After years of promises and millions in investments, Porsche on Tuesday pumped the first gallons of its fully synthetic fuel into a car. That car? A 911, of course.

Porsche has been talking about eFuels since 2020, when it made a 20 million euro investment into a project with Siemens Energy to create a pilot plant in Punta Arenas, Chile. The house that Ferdinand built then backed that up with a further $75m investment earlier this year, taking a 12.5% stake in HIF Global, the holding company for these eFuel production efforts.

eFuels are meant to be carbon-neutral alternates, allowing legacy vehicles to continue operating in the face of growing restrictions on carbon output from passenger vehicles. However, it’s all theory at this point. While bans for the sale of internal combustion vehicles are already on the books in many places, starting in 2035 in California and the EU, globally, no exemptions have yet been granted for eFuels. The EU plans to draft a proposal for “CO2 neutral fuels” and whether they may prove exempt, but that may apply only to commercial vehicles.

Michael Steiner, Member of the Executive Board at Porsche, hopes such an exemption would cover eFuels use in his company’s cars: “This is still in progress, but at least our expectation is that we could use such eFuel also in passenger cars, especially Porsche cars. This is expectation, but this is not finalized today.”

Image Credits: Porsche

For now, Porsche’s eFuels will exclusively be used off-road, powering the company’s global Porsche SuperCup series. With Porsche strongly rumored to be entering into Formula One soon, and with that series set to switch to carbon-neutral fuels by 2026, it’s not hard to see potential there, too.

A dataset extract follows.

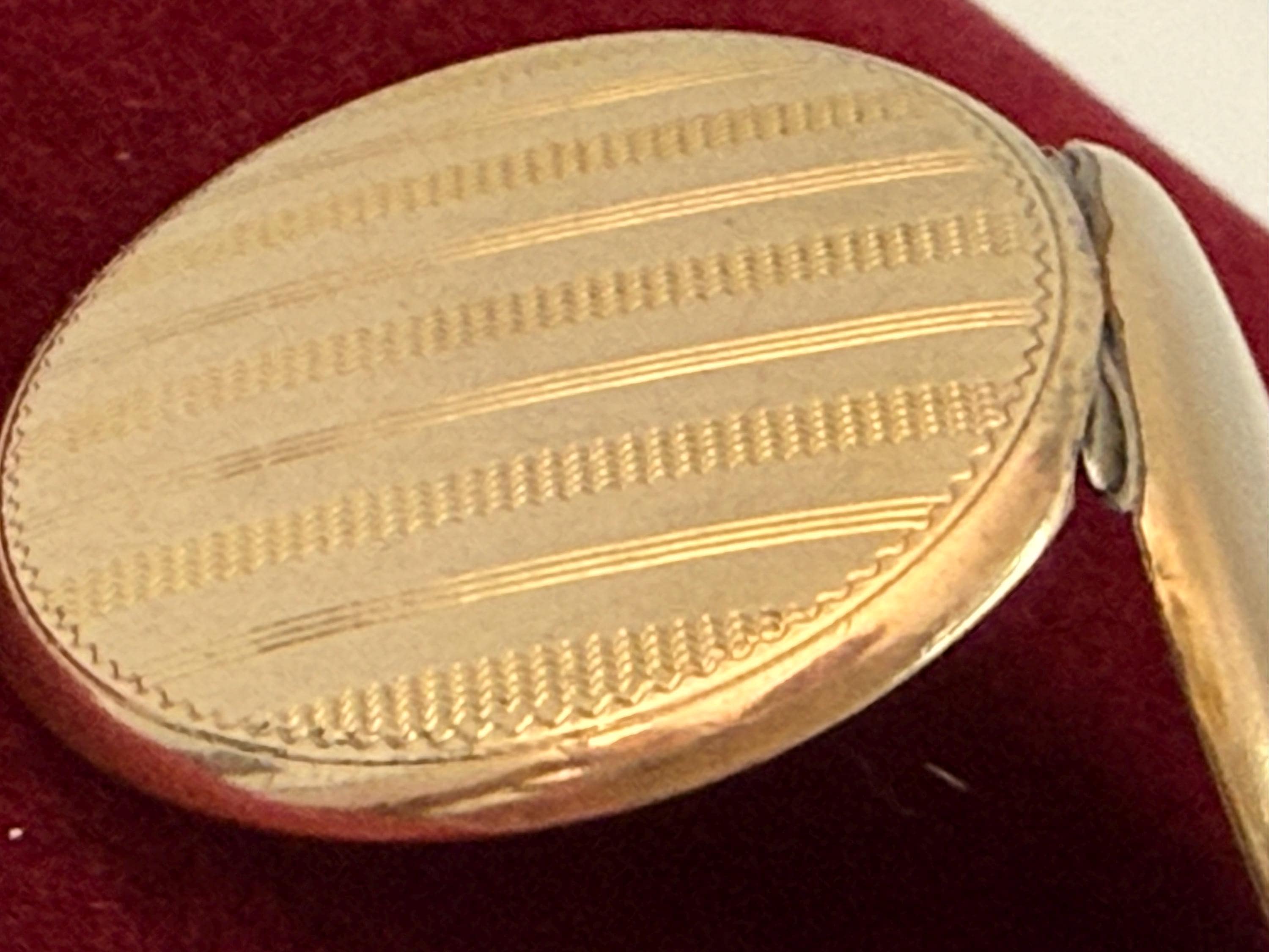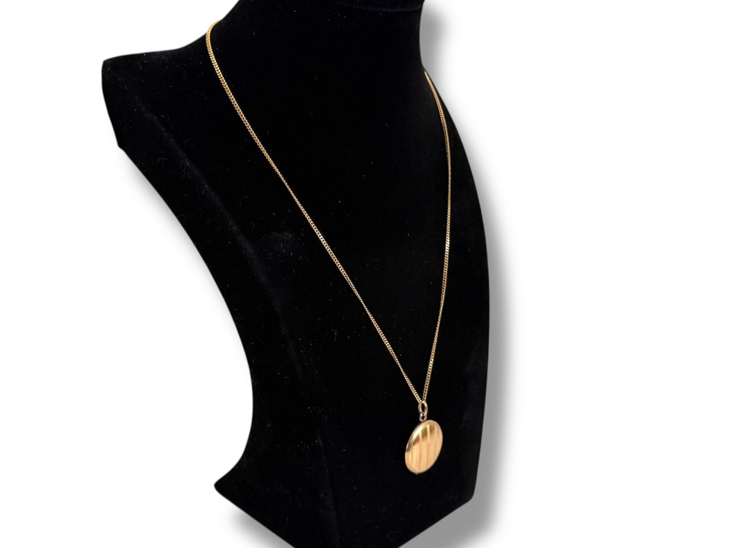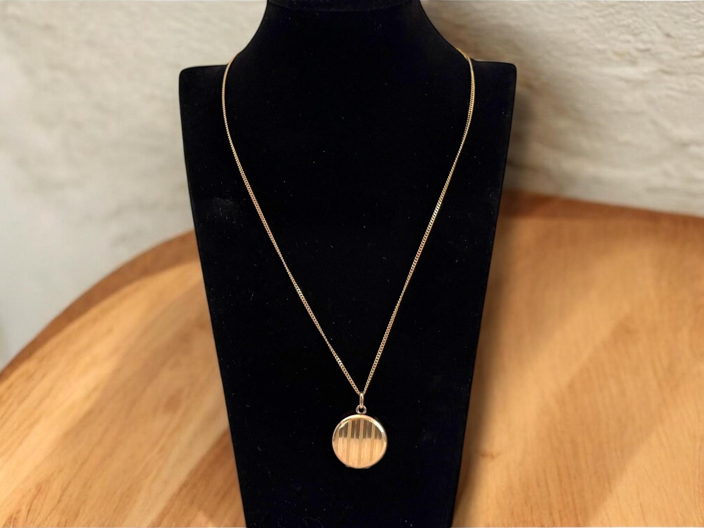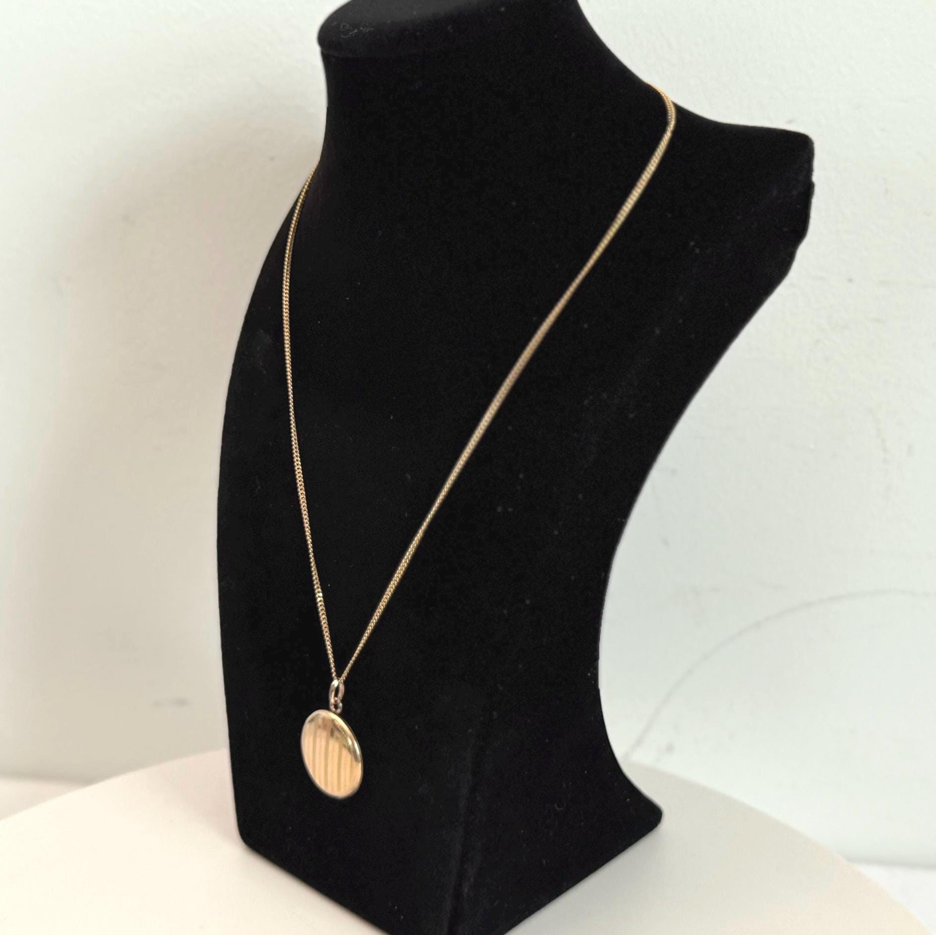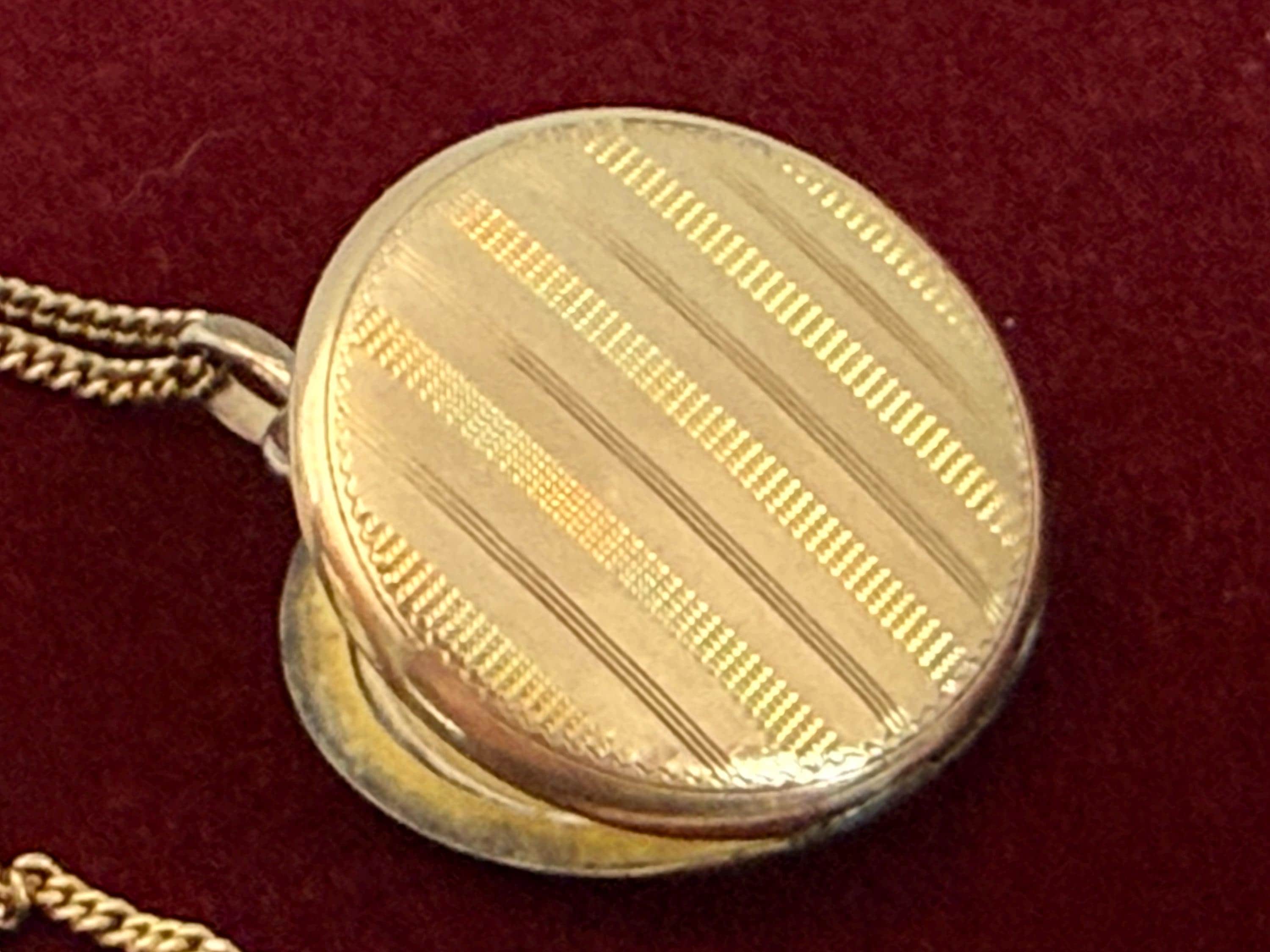 Beautiful round gold filled locket necklace featuring etched vertical pinstripes design on the front. The locket hangs on a vintage 12K gold filled curb chain.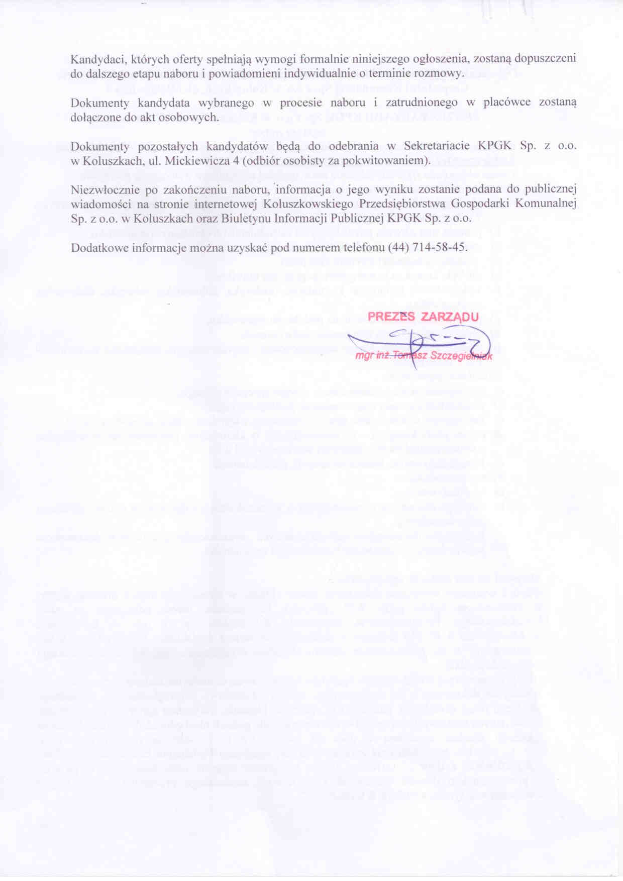 PREZES ZARZ膭DU KPGK Sp. z o.o. w Koluszkach, ul. Mickiewicza 4 og艂asza nabór

Why Chile? eFuels are heavily dependent on the splitting water into its component elements: hydrogen and oxygen. To be done effectively, this electrolysis requires a lot of cheap electricity, provided in Chile by the constant, high winds. Punta Arenas is said to be the windiest area in South America, a force converted into electricity by Siemens Gamesa wind turbines.

The hydrogen from that process is then mixed with CO2 extracted from the air to create a form of methanol. This raw material can then be further refined for a variety of products, including the eFuels that Porsche will use to power its race cars today and hopes will keep its historic vehicles on the road well into the future.

Porsche’s initial plans were for 130,000 liters of the stuff by the end of 2022. Given the date, and the size of that 911’s tank (67 liters at the most), it seems clear that goal will come later. Porsche’s next target is 55 million liters per year within the next three years. At that volume, Porsche’s Michael Steiner says the production cost will drop to roughly $2 per liter.

Right now, average fuel prices in Germany are approximately $1.75 per liter, but that’s at the pump. Transportation, taxes, and other fees will mean eFuels will continue to be significantly more expensive than traditional fuels for some time to come, but their carbon-neutral nature may still make them appealing options for commercial applications in particular.

“There are several initiatives all around the world,” Steiner told me. “Some regions look for tax benefits, some look for blending quotas for different sectors. So this is still open which markets might be most favorable for eFuels.”

One thing is for clear: regardless of the success of eFuels, and indeed exemptions for carbon-neutral internal-combustion, Porsche is sticking to its goal of 80% EV sales by 2030.

“We have a clear strategy,” Steiner said. “The main focus is e-mobility, but in addition we take care of our ICE cars.” Porsche is of course a brand with a strong history. That 911 fueled up today was just one of over a million of the things Porsche has produced since 1963. Keeping them running is clearly a strong incentive.